Super Bowl Commercials – Five Best and Worst Super Bowl Ads You Didn’t See in the UK

Puppies were a recurring theme during the Super Bowl Ads, including this one for T-Mobile featuring former NFL Quarterback Tim Tebow.

Puppies were a recurring theme during the Super Bowl Ads, including this one for T-Mobile featuring former NFL Quarterback Tim Tebow.

One of the joys of the Super Bowl, especially during a blow out game like Super Bowl 48, are the famous (or infamous) Super Bowl Ads. For 2014, Fox charged $4 million for each 30 second Super Bowl Ad Spot, ensuring that, as always, brands put their best (or craziest) foot forward during the big game. Unfortunately for fans in the UK, the 2 AM time slot and limited audience does not get advertisers salivating, and the result is very few Super Bowl caliber commercials air at all during the Sky or Channel 4 Broadcasts.

Fortunately for us, YouTube has come to the rescue, allowing us to enjoy (or endure) all of the adverts the American fans across the pond got to experience live. We count down the five best, and worst, 2014 Super Bowl ads.

Honourable Mentions – H&M and Axe/Lynx Deodorant.

These ads may have featured on this list—unfortunately, both amongst the worst commercials—however, both did air during the UK broadcast of the game, so their inclusion is not needed.

In case you missed it, the H&M advert, featuring a nude David Beckham, seems to have resonated with most of the fans. However, that was in America, where women are more into football, and even if not, regularly attend Super Bowl parties with their husbands, boyfriends, friends or family. But in the UK, where only the most committed—and generally male—fans were still awake the ad was a little too homo-erotic for most, especially that late at night, in spite of featuring a one of our proudest sons.

The Lynx (Axe in the USA) body spray Ad on the other hand, certainly got us talking when it aired, but ultimately left us confused. Worse, it left many of us with the slightly uncomfortable feeling that the underlying message of the spot seemed to be “Psychopath dictators and war criminals are people too”. This may be true, and certainly wasn’t their intent, I’m sure. But the fact remains, this is how we felt, and this just isn’t how we like to think of them, especially when our fighting forces have been risking their lives to oust these sorts of people.

Best Super Bowl Ads – #5: “Puppy Love”, Budweiser.

While many advertisers feel the need to shock, surprise or use humour to get noticed during the Super Bowl, in 2014, Budweiser decided to keep things simple. The commercial was touching and heart warming, playing off of the emotional core of friendship—even unlikely friendship—which often bonds sports fans.

It stared the Budweiser Clydesdales, alongside an adorable Golden Retriever puppy.

Sure, the friendship between a puppy and a horse may not echo our own friendships perfectly, and the choice of song may have left some wondering aloud if the puppy and horse were friends, or in love, but we were able to look past that, and enjoy this advert for the touching story it was.

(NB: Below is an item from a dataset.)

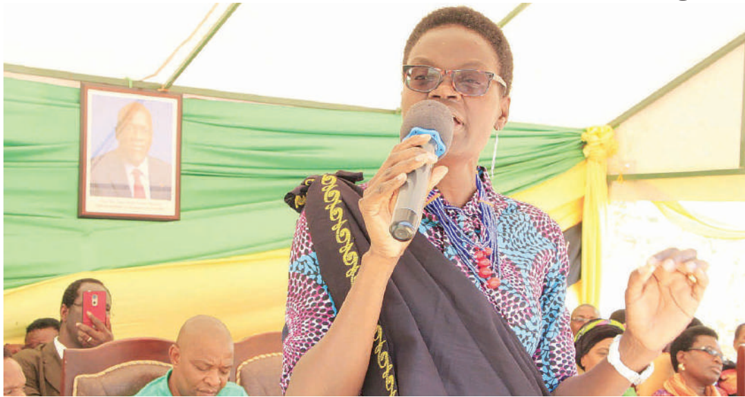
Naibu Spika Dk. Tulia Ackson.
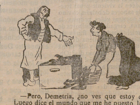
—Pero, Demetría, ¿no ves que estoy descalzo? Luego dice el mundo que me he puesto las botas. —Mira, Rosendo, no hagas caso del mundo porque no guarda más que falsedad en su fondo. No tienes más que fijar tu pupila en el que te se muestra a la vista. ¡No hay na bueno en el mundo!

This is near universally considered the best Super Bowl advert of the night, and I wouldn’t disagree there. The only reason it isn’t higher in the list is because its early release on YouTube, and social media campeign ensured that many fans in the UK had, in fact, already seen this advert prior to the broadcast.

Worst Super Bowl Ads #5: “Spiritual Technology”

This commercial, for the Scientology “religion” (though it is not universally recognised as such in the UK) certainly got people talking. Unfortunately for them, most of the conversation revolved around how awkward and uncomfortable it made people feel.

One of the biggest cringe factors revolved around the idea that their merging of science and religion, technology and spirituality alongside images of “E-Meters” and “auditing” something universally considered to be pseudo-science outside of Scientologist circles.

It was certainly a well enough made, and inspirational advert, but the overwhelming feeling it gave watchers was just too “creepy“. It would probably rank higher on this list for cringe factor alone, however, it was only aired in limited local US markets, and was not made specifically for the Super Bowl, having been available on the Scientology page since January 8th.